1930 Catholic event in Omaha

The Sixth National Eucharistic Congress was a Catholic gathering in Omaha, Nebraska, from September 23 to 25, 1930. Hosted by Bishop Joseph Rummel of Omaha, the gathering was the second-largest convention ever held in the city. Events were held at Ak-Sar-Ben Coliseum, Creighton Stadium, and St. Cecilia Cathedral.

== Background ==
The congress was born out of the Priests' Eucharistic League in the United States, who planned to hold their 1930 national convention in Omaha. However, after deliberation and hoping to capitalize on the success of the greatly successful 28th International Eucharistic Congress in Chicago, it was decided that the gathering should not just be a convention of league members but a full Eucharistic congress. The Omaha congress would be the first national Eucharistic congress in the United States since 1911. The Omaha congress would be the first to which the laity were invited; the previous five national congresses had been clergy-only gatherings.
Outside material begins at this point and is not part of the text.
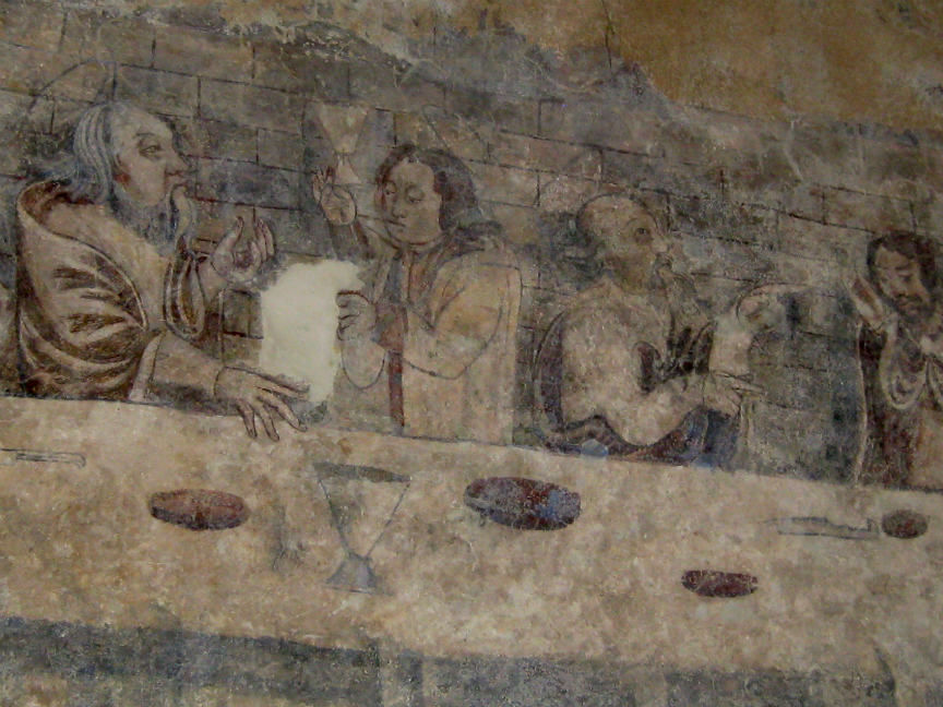 - Segundo tramo. Sobre los muros de arranque. Temática del ciclo de la Pasión. Muro de la izquierda, se representa la Santa Cena. Muro derecho, la Oración del Monte de los Olivos.
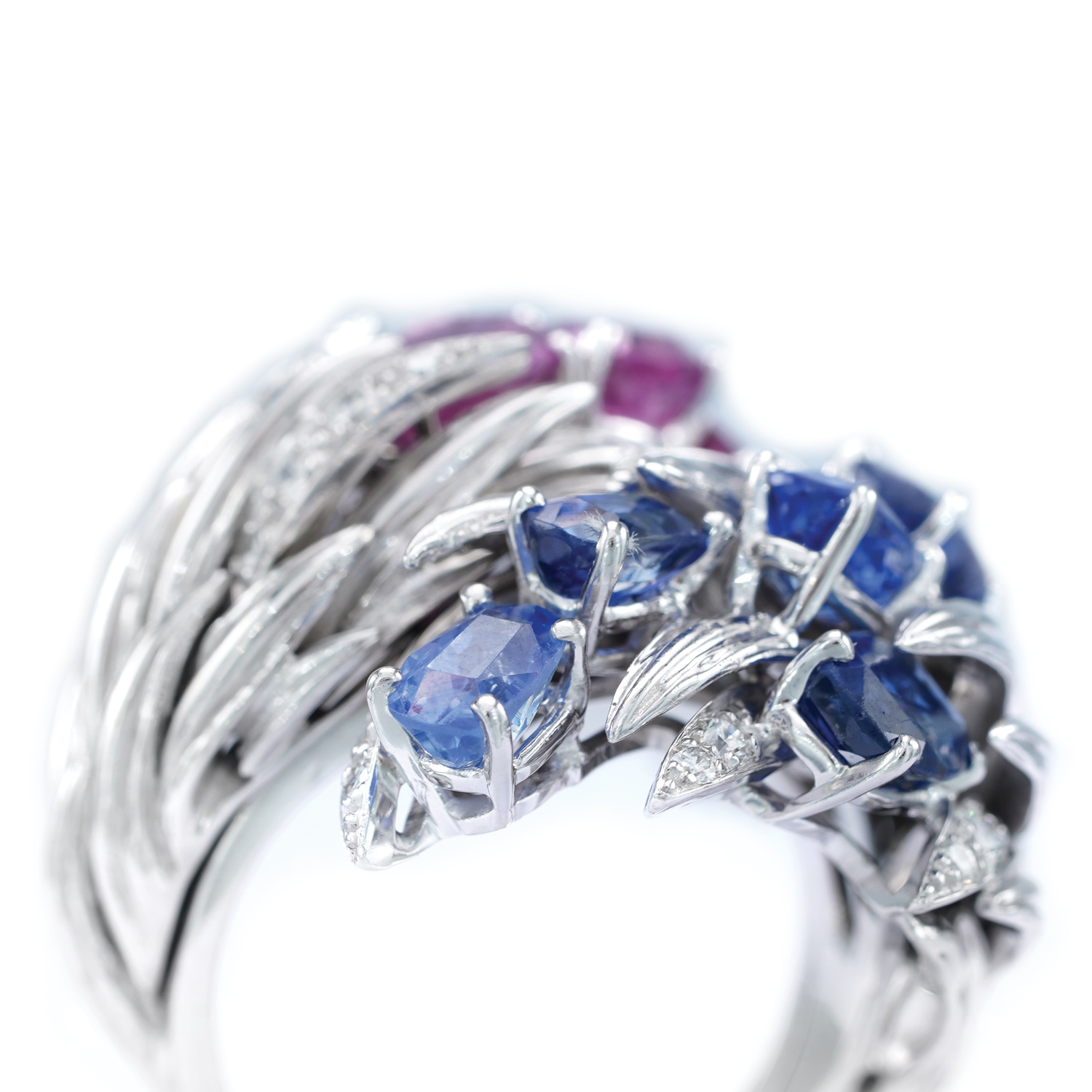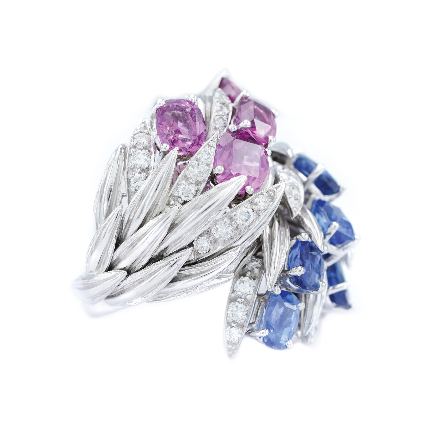 56. White gold ring, adorned with diamonds, blue and pink sapphires

One-third of the American episcopate and several thousand priests expressed their intention to attend.

== Preparation ==
The congress was hosted by Joseph Rummel under the patronage of Cardinal George Mundelein, and sponsored by the Priests' Eucharistic League. The theme "The Blessed Eucharist, by Divine Institution, the Source and Center of Christian Life" was given to the congress.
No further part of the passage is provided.